■ Exercise directions
The result should be the full listing copied exactly, with no pictures in it.

Raw data START

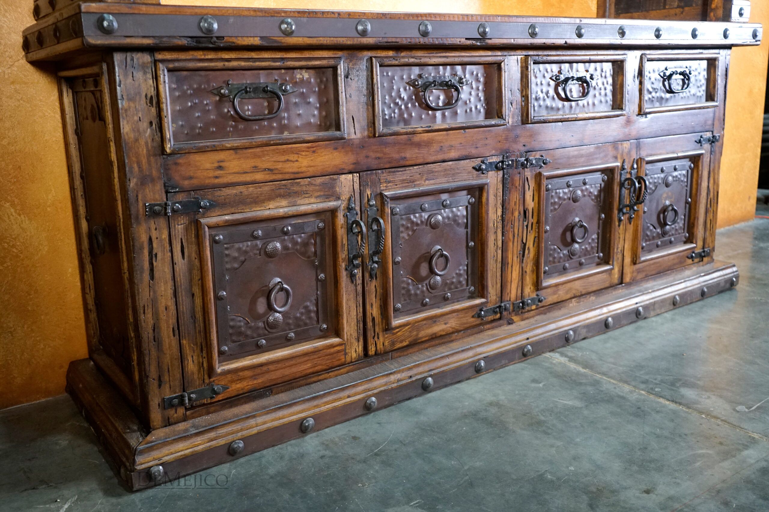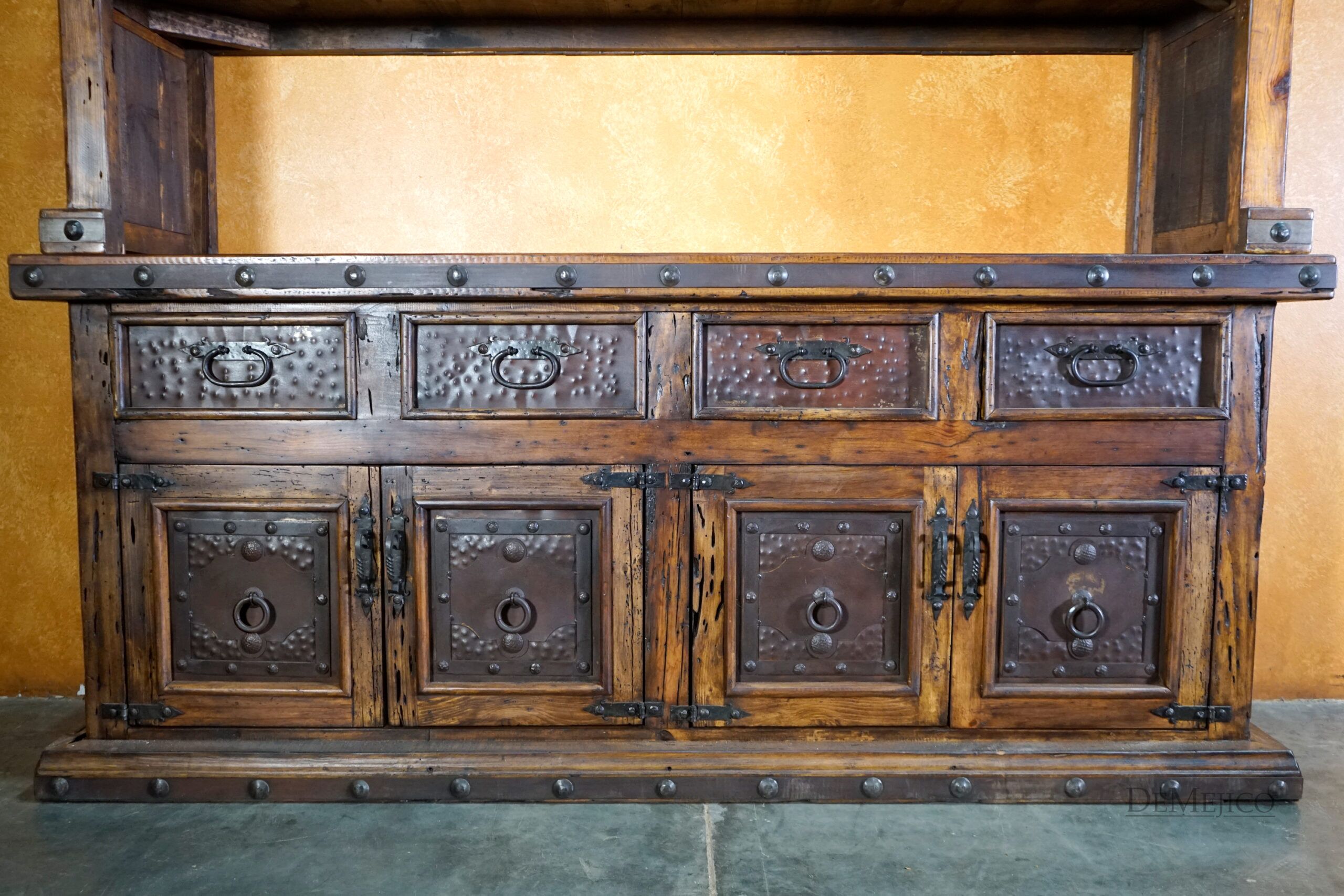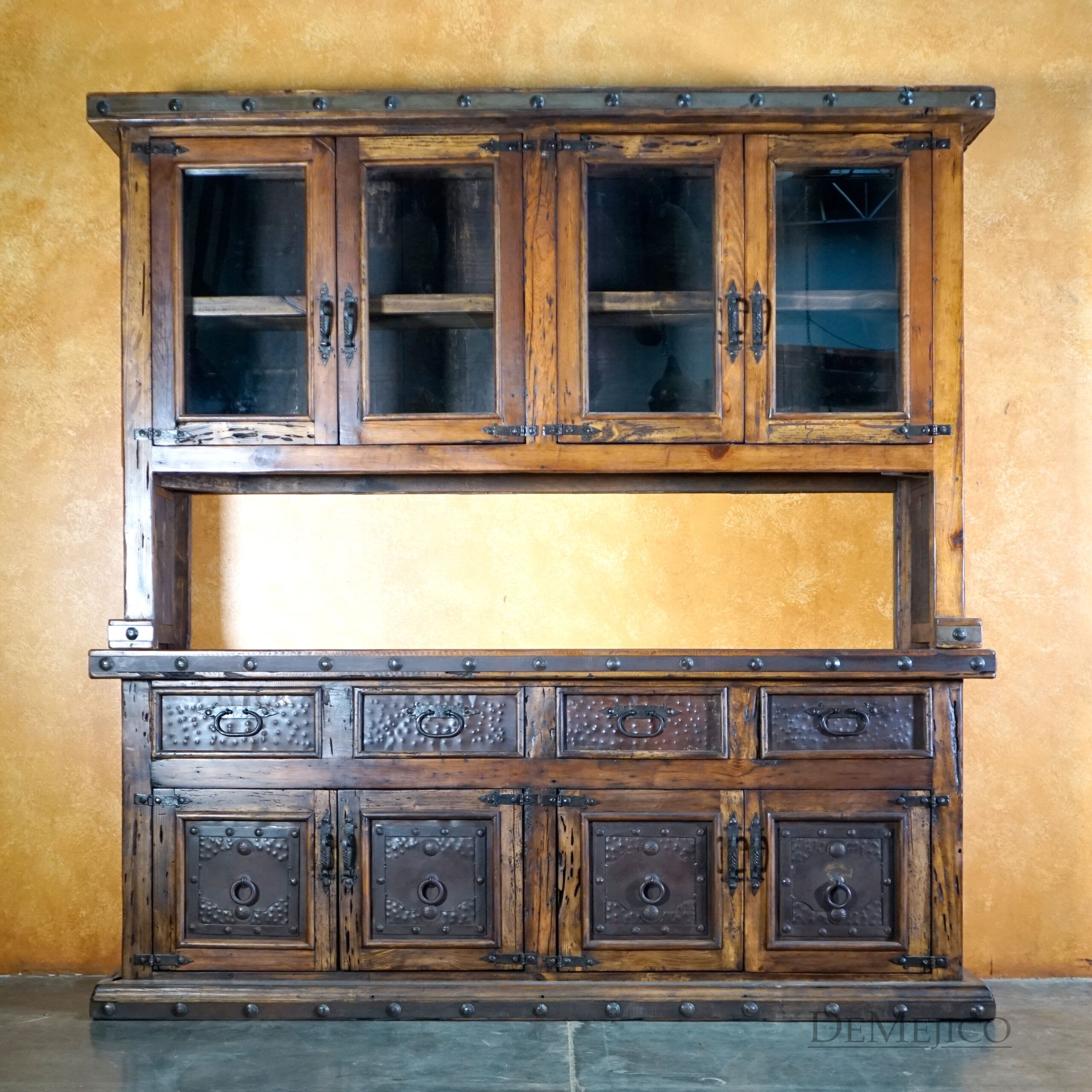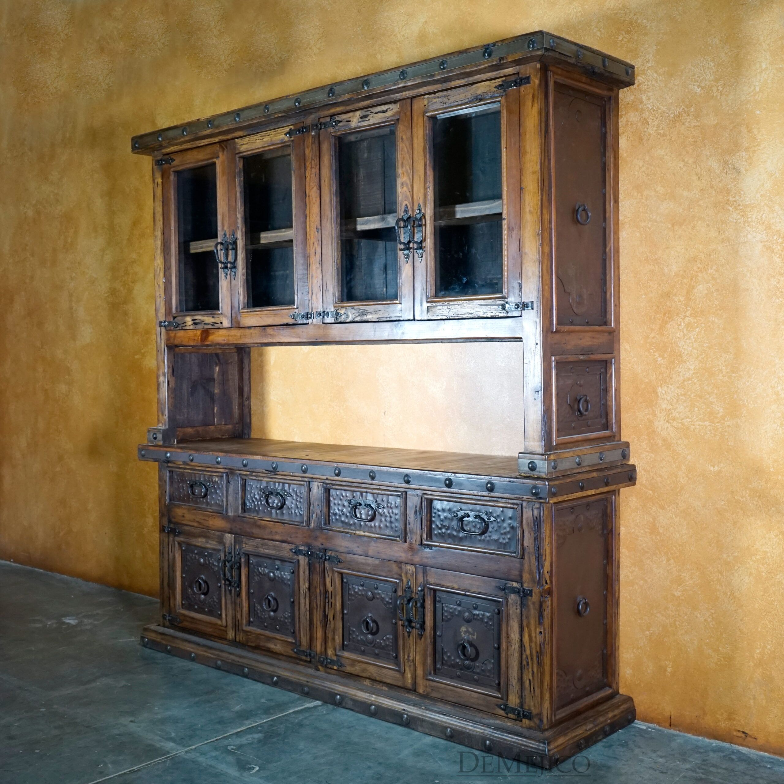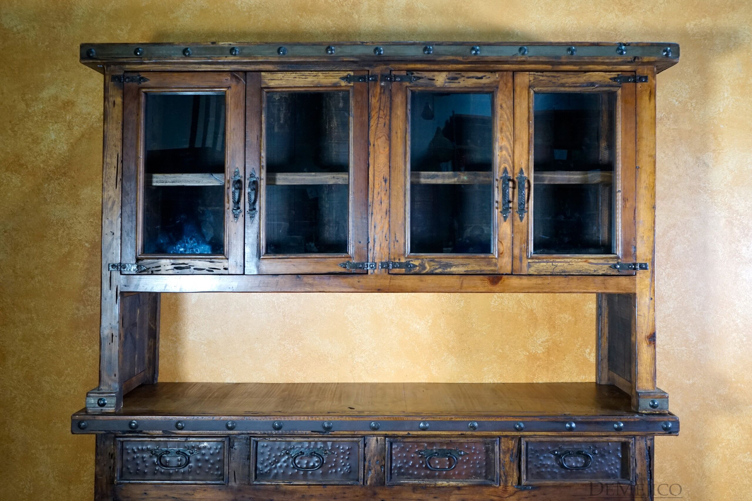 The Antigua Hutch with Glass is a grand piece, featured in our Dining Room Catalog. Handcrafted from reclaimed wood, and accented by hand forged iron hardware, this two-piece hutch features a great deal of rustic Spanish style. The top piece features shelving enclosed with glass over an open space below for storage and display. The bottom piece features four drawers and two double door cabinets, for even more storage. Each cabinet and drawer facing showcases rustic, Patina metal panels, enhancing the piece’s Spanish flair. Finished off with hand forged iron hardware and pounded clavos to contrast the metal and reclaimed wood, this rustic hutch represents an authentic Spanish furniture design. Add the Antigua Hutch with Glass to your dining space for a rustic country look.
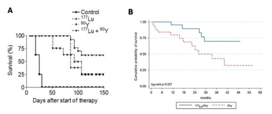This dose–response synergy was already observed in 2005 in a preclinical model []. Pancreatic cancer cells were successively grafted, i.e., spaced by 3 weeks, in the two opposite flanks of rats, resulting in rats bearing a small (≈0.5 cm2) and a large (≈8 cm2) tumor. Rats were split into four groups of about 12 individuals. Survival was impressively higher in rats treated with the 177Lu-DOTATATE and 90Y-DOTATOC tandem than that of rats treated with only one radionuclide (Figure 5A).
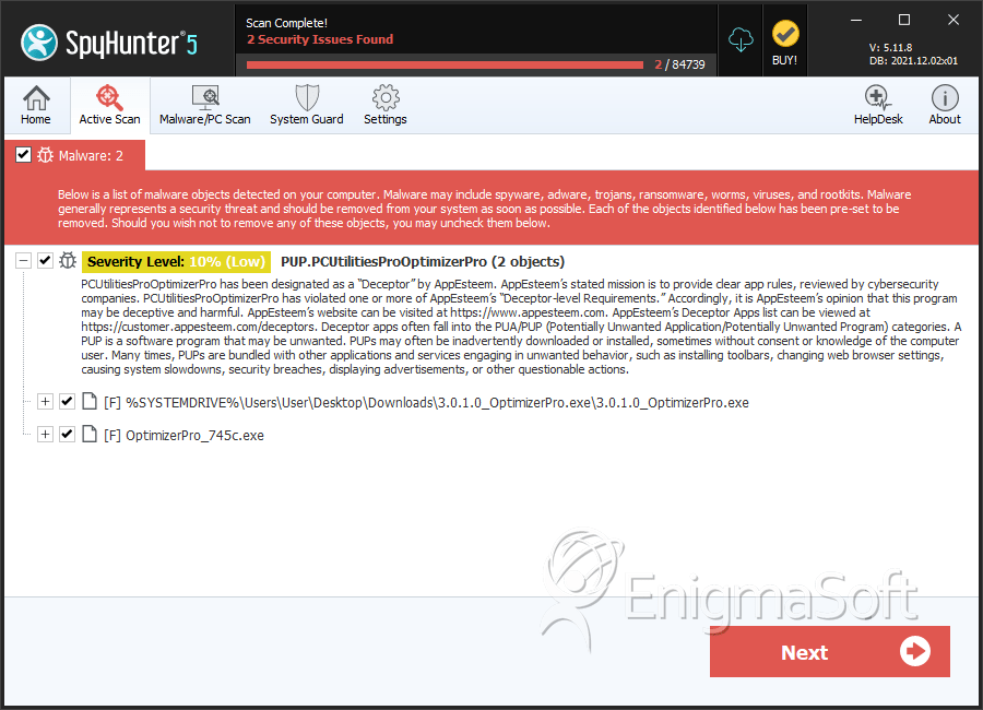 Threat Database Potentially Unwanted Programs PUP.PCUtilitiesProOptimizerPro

Raw data END

■ Result for this exercise
 The Antigua Hutch with Glass is a grand piece, featured in our Dining Room Catalog. Handcrafted from reclaimed wood, and accented by hand forged iron hardware, this two-piece hutch features a great deal of rustic Spanish style. The top piece features shelving enclosed with glass over an open space below for storage and display. The bottom piece features four drawers and two double door cabinets, for even more storage. Each cabinet and drawer facing showcases rustic, Patina metal panels, enhancing the piece’s Spanish flair. Finished off with hand forged iron hardware and pounded clavos to contrast the metal and reclaimed wood, this rustic hutch represents an authentic Spanish furniture design. Add the Antigua Hutch with Glass to your dining space for a rustic country look.
This dose–response synergy was already observed in 2005 in a preclinical model []. Pancreatic cancer cells were successively grafted, i.e., spaced by 3 weeks, in the two opposite flanks of rats, resulting in rats bearing a small (≈0.5 cm2) and a large (≈8 cm2) tumor. Rats were split into four groups of about 12 individuals. Survival was impressively higher in rats treated with the 177Lu-DOTATATE and 90Y-DOTATOC tandem than that of rats treated with only one radionuclide (Figure 5A).
 Threat Database Potentially Unwanted Programs PUP.PCUtilitiesProOptimizerPro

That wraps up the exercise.